Doch auch sein zweites Leben wurde dem engagierten Mann irgendwann zu langweilig, das Leben in Deutschland wieder zu eng. Im Jahr 2000, seine Zwillingstöchter waren gerade in Hamburg geboren, entschlossen sich Ohm und seine Frau, nach Südafrika auszuwandern. Leben Nummer drei begann. Ohm gründete in Kapstadt eine Touristikfirma, bot Eco-Safaris an. Nebenbei organisierte er den Auf- und Ausbau von sozialen Entwicklungs- und Naturschutzprojekten für internationale Firmen. Wenn Ohm von diesen Jahren erzählt, leuchten seine Augen. Immer schneller spricht er, so viel gibt es über Land, Leute und das Leben dort zu erzählen. „Wir hatten eine wunderbare Zeit. Unsere Kinder so unbeschwerte tolle Jahre.“ Doch seine eigene Geschichte und das Leben in Südafrika haben Ohm nachdenklich gestimmt.

So nachdenklich, dass er 2010 zusammen mit einem Unternehmen das soziale Projekt Dibanisa ins Leben rief. Hier werden sozial benachteiligte Kinder mithilfe eines Sport- und Bildungsprogramms unterstützt. Jahr für Jahr wirbt Ohm seitdem das Geld für das Projekt in Südafrika ein, unter anderem mithilfe des Stand-up-Paddling-Events Stand up for Nature.

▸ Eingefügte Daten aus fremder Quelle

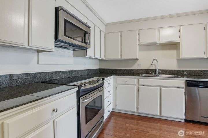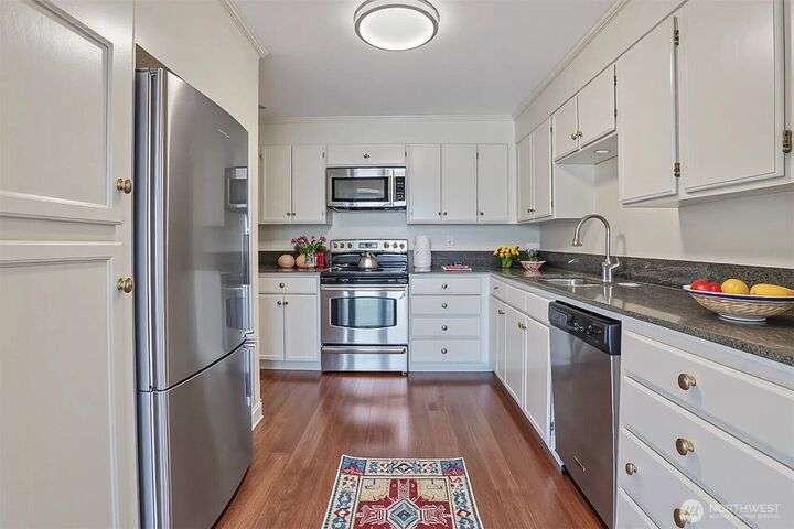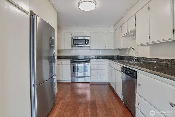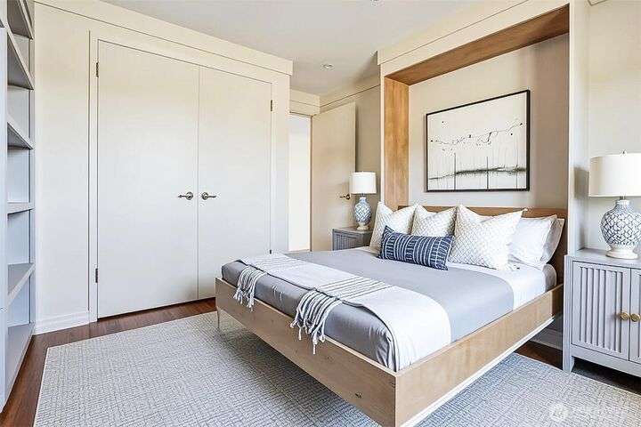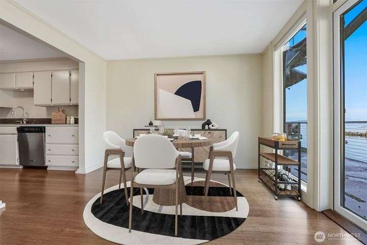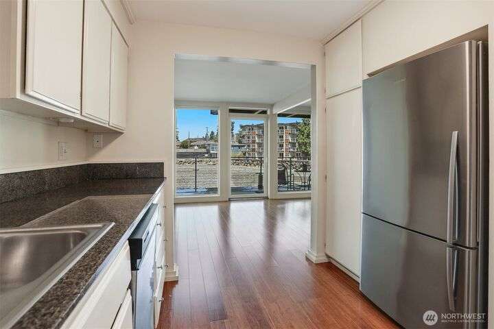 Live like you are on vacation every day at Harbor West! Experience a dreamy waterfront lifestyle with spectacular views & lapping waves! This one floor unit has a very functional floor plan with large rooms for efficient living. Formal living & dining rooms with wall of windows and access to the deck that stretches the length of the unit. The primary suite has a walk-in closet, en-suite bathroom and will fit your King bed! The second bedroom has a murphy bed so you can easily use it for your office while also maintaining space for your guests. Secured garage parking. Building boasts a beach side pool, sauna, storage, and manager. An outdoor enthusiast's paradise with kayak, walking, running, and beach games at your fingertips. Welcome home!
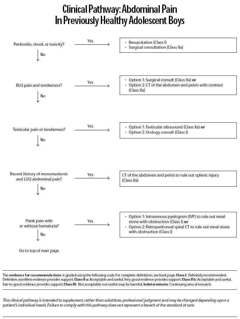 If the diagnosis remains in doubt, but the patient does not require additional testing or consultation, arrange for repeat evaluation in 8-12 hours. If the pain is relentless and the diagnosis is unclear, continued observation with repeat evaluations in the ED may be very helpful. In such cases, abdominal ultrasound or CT can help identify serious causes of abdominal pain, including those with unusual or rare diagnoses.1,91 If the child appears ill or has a worrisome examination, involve the surgical consultant at an early stage.
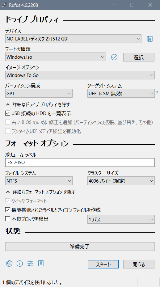 Rufusを起動しても USB SSDやHDDはデバイスには表示されません

Doch nach zehn Jahren auf dem anderen Kontinent war es Zeit für Ohm, Leben Nummer vier zu beginnen. „Wir haben gemerkt, dass es wichtig war für unsere Kinder, Deutschland kennenzulernen“, so Ohm. Und damit war es Zeit für den nächsten beruflichen Neuanfang ihres Vaters. Der half zuerst bei der Neuaufstellung der Ratsherrn Brauerei und bei der Entwicklung der Schanzenhöfe in Hamburg. Ohm eröffnete dann 2013 in direkter Nachbarschaft zusammen mit seinem Geschäftspartner Patrick Rüther das Braugasthaus Altes Mädchen. Tief hat er sich in die Materie Bier eingearbeitet. Ohm ist ausgebildeter Biersommelier und kennt sich in Hamburgs Braugeschichte aus wie kein anderer. „Ich hätte vorher nie für möglich gehalten, welche Bedeutung das Getränk für die Hansestadt hat“, sagt er. „Hamburg hat die spannendste Biergeschichte Europas.“

Und so gelingt ihm spielerisch der Wechsel zwischen den Welten, die auf den ersten Blick nicht miteinander vereinbar erscheinen. Profisport mit Zigarettenfabrik. Alternativreisen in Südafrika mit Hamburgs Biergeschichte. Und wenn man Ohm genau zuhört, wird Leben Nummer fünf sicherlich nicht allzu lange auf sich warten lassen.